● **Exercise goal**:
Exclude all pictures. Then restate, word for word, the entries from the first line through the line that contains "Broke immediately! The".

● **Exercise data**:
**********

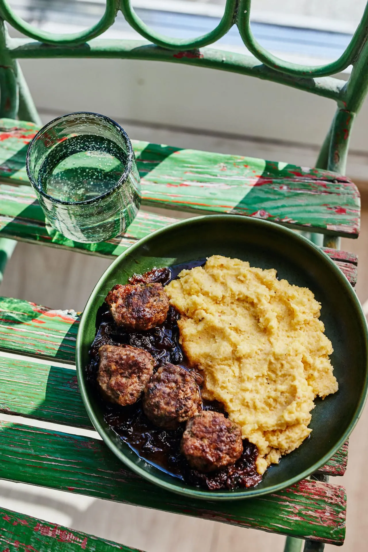 A polentához felforraljuk az alaplevet, beleöntjük a tejet, majd a kukoricadarát, addig főzzük, amíg be nem sűrűsödik az egész. A végén hozzáadjuk a vajat, a parmezánt, a szerecsendiót, és sózzuk, borsozzuk. A polentát a húsgolyóval és a mártással tálaljuk.
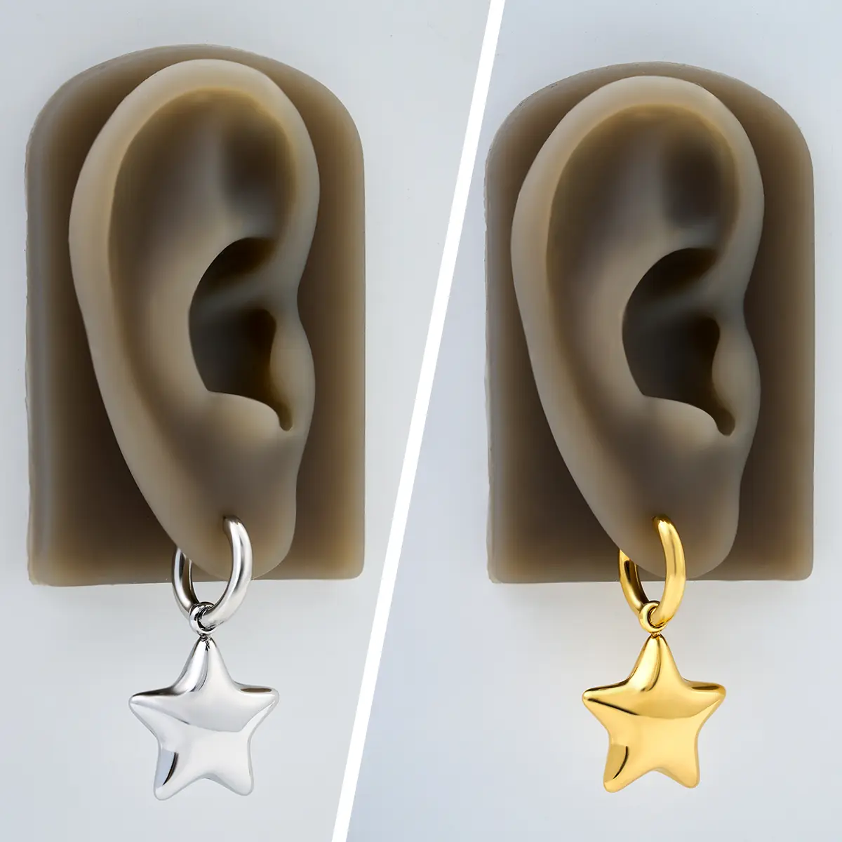 Broke immediately! The clasp is so hard to open, and in the process of struggling to remove one of these, the star snapped off, and the hoop is still stuck in my ear as we speak.
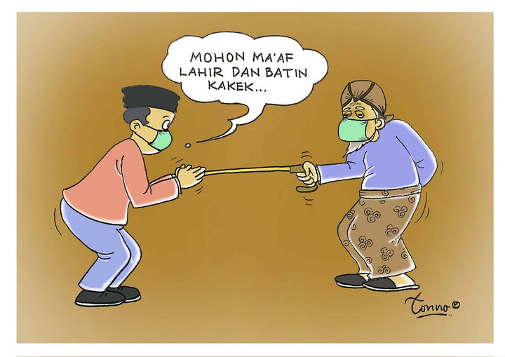 Hari lebaran identik dengan tradisi bersalaman dan bermaaf-maafan bagi masyarakat Indonesia, namun pandemi Covid-19 membuat tradisi tersebut harus dihindari.Rangga Bijak Aditya
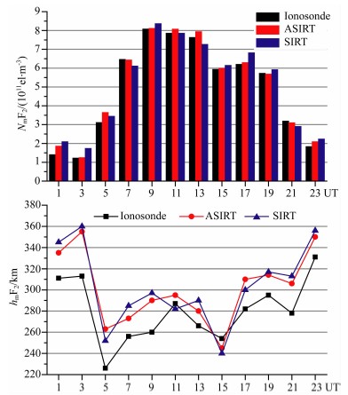 图6展示了一天12个反演时段内两种算法层析反演获得的F2层电子密度峰值(NmF2)和F2层 电子密度峰值高度(hmF2)与电离层测高仪站观测数据的比较结果.从中可以看出,两种算法反演获得的F2层电子密度峰值与测高仪观测结果总体上符合较好,但ASIRT算法总体上更接近于测高仪观 测结果.然而,F2层的峰值高度与测高仪存在一定 的差异.由于观测噪声、电离层空间离散误差以及测站几何结构限制等因素,使得反演结果的垂直分辨率较差.这说明在电离层层析成像过程中仅仅通过改进反演算法来改善电子密度空间结构(特别是垂直分辨率)是不够的,利用其他技术增加用于反演的观测信息是解决这一问题的最根本的手段.
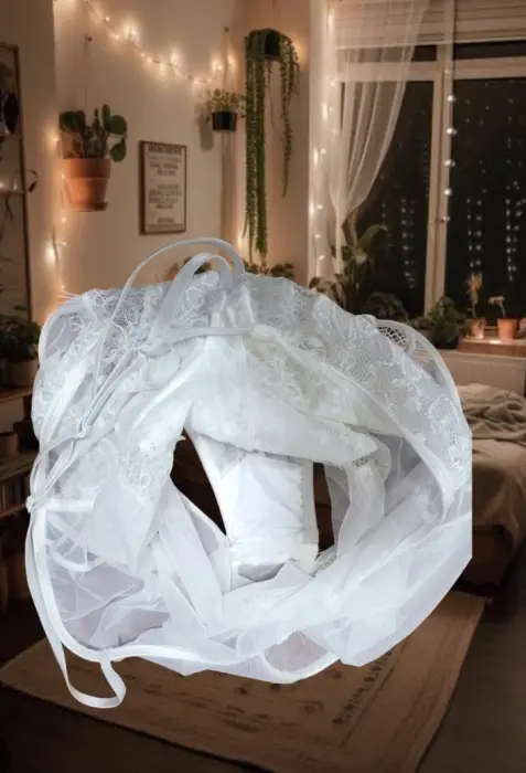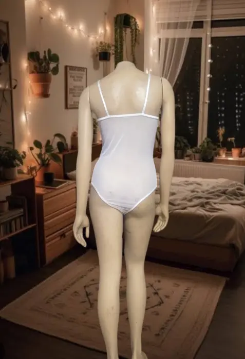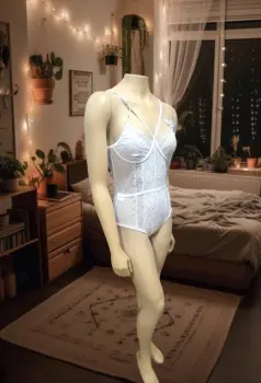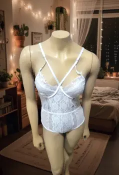 Baby Doll de Encaje Caryter, talla mediana, color blanco, con cierre de broches de precion en la entrepierna, tela transparente con delivados acentos de encaje y doble tirante ajustable y lineal en pecho, hecho de algodón y poliéster, mide 36cm de axila a axila, 34cm de cintura 36cm de cadera 18cm de tirante ajustable con 71cm del hombro hacia abajo nuevo a estrenar con etiqueta en buen estado.
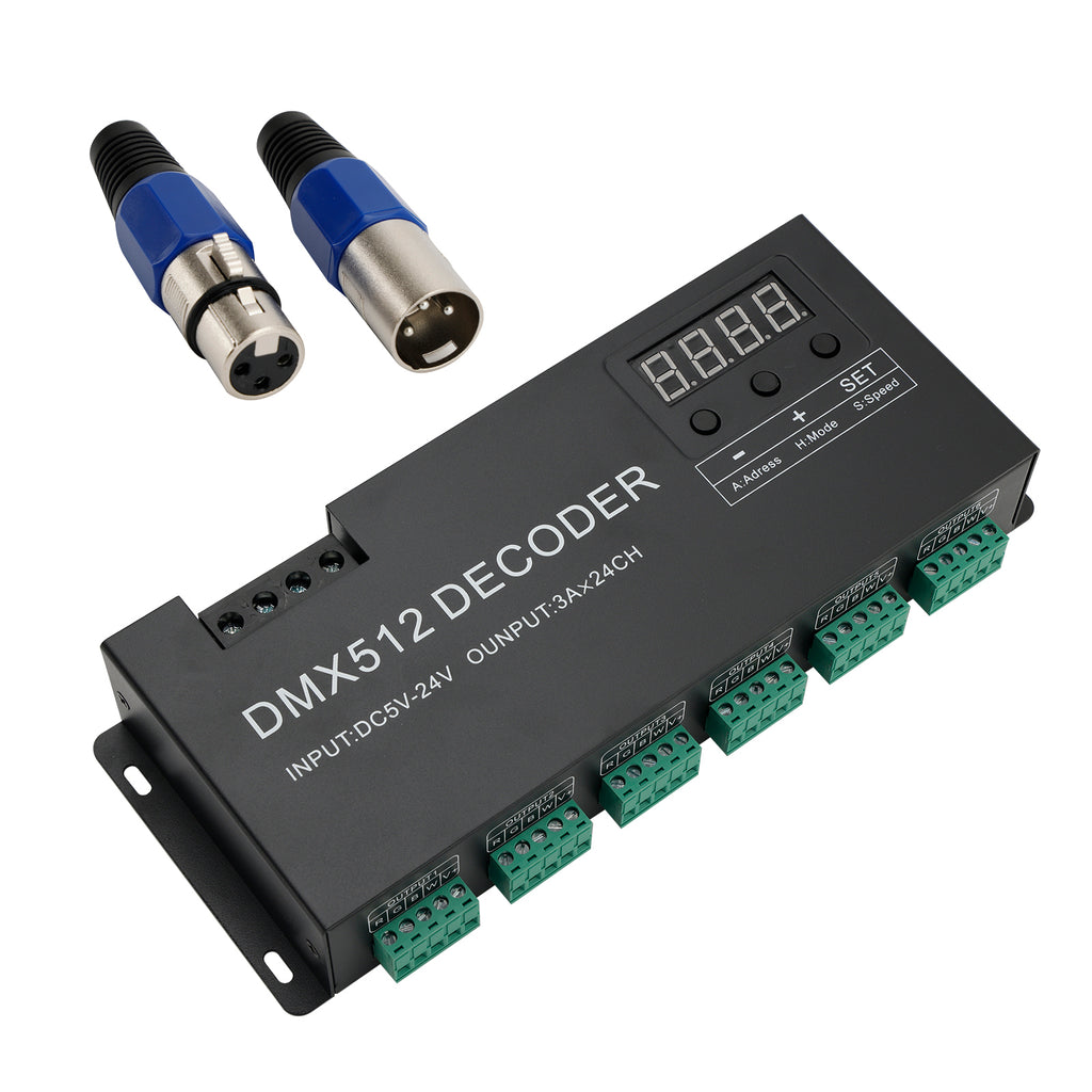 24 Channel DMX 512 Decoder RGBW PWM Dimmer Driver LED Strip Light Controller
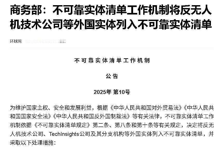 [下雨]特朗普又傻眼了?涉及美台军售,我们又出手了!10月9日,商务部当天在官网发布公告,依据相关法规,商务部决定将反无人机技术公司、TechInsights公司及其分支机构等23个外国实体列入不可靠清单。   最近美国和台湾在无人机军火交易这件事上越玩越大。美国先是一口气批了总价超过3亿美元的军用无人机还外加火控系统卖给台湾,同时还促成台湾跟美国本土的宇航环境公司和安杜里尔公司签了上千架无人机采购订单。   这些无人机体积虽小,打击能力却不弱,都是为了在台海一带刷存在感,这种“无人机拉帮结派”很显然就是美方在台海问题上想制造紧张气氛妄图牵制中国大陆。   面对美国和台湾眉来眼去,中国商务部反手就是一记重锤,把那些专门涉足反无人机技术、情报分析的美国企业,比如TechInsights、Dedrone等,一口气拉进了“不可靠实体清单”,还直接上了新闻头条。   这清单里不少企业都是这两年帮着台湾加油添醋,嚷着要让台海成为无人机决战区的关键参与方。   被列进清单之后,这些公司至少在中国的生意算是没得做了,美方盘算想借台湾搞点技术突破,现在被堵了回去。   还不止于拉黑名单这么简单,紧接着中国还宣布对稀土技术进行全链条的出口管制。你美国敢给我断我的科技供应链,那中国自然不可能任你牵着鼻子走。管制一落地,全球都得重新盘算盘算稀土从哪里买   美国也没闲着,旧案未了又添新愁,刚对15家中国公司痛下狠手,理由是它们把美国制造的无人机芯片转手卖给了哈马斯和胡塞武装。   这就是美国用一个莫须有的“安全”理由,又想多给中国制造点麻烦,希望通过制裁压制中国高新科技走出去。   近年来中美的技术较量像一场你追我赶的游戏,美国自从在贸易制裁加码后,对中国高端产业卡脖子、加高壁垒,中国则反手就按下了稀土出口的暂停键”   中国占了全球将近一半的稀土储量,每年全世界70%的稀土也是中国生产的,中国收紧了管理条例,现在又多了个出口准入门槛。   美国想找澳大利亚等地当接盘侠,结果人家的产能远远跟不上,中国这一招等于直接掐住美国半导体和新能源的命门。   回到台海和无人机,美台联合造无人机的计划虽然动作很猛,美军高层甚至公开叫嚣,要把台海变成无人机战场,结果中国这边强势回怼,谁要想做“搅局者”就先掂量掂量自己的后路还在不在。   对那些明知带头搅局还大张旗鼓跟台湾玩军技合作的美国企业,中国干脆一刀切,甭想在中国市场分一杯羹。   既然美国敢伸手制裁中国公司,中国就用自己的底牌反制,不只掐关键原料,还让对手没法赚中国人的钱。   眼下,台海局势被推向前所未有的高压状态,美国看似声势浩大,可面对中国手里的稀土资源和反制政策,真要持久下去谁更被动已经很明显。   特朗普想靠对台军售来巩固所谓的印太战略,但现实却让美国企业的算盘一个个落空,弄到最后倒是让外界看清楚,谁才是真正能决定游戏规则的人。
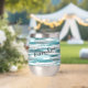 Este bonito vaso de vino termal presenta un moderno patrón abstracto de pinturas grises plateadas en un fondo blanco. Se añade un poco de falso purpurina plateado para mayor interés. En el centro está tu nombre u otro texto en escritura negra.

**********

● **Output for this task**:
 A polentához felforraljuk az alaplevet, beleöntjük a tejet, majd a kukoricadarát, addig főzzük, amíg be nem sűrűsödik az egész. A végén hozzáadjuk a vajat, a parmezánt, a szerecsendiót, és sózzuk, borsozzuk. A polentát a húsgolyóval és a mártással tálaljuk.
 Broke immediately! The clasp is so hard to open, and in the process of struggling to remove one of these, the star snapped off, and the hoop is still stuck in my ear as we speak.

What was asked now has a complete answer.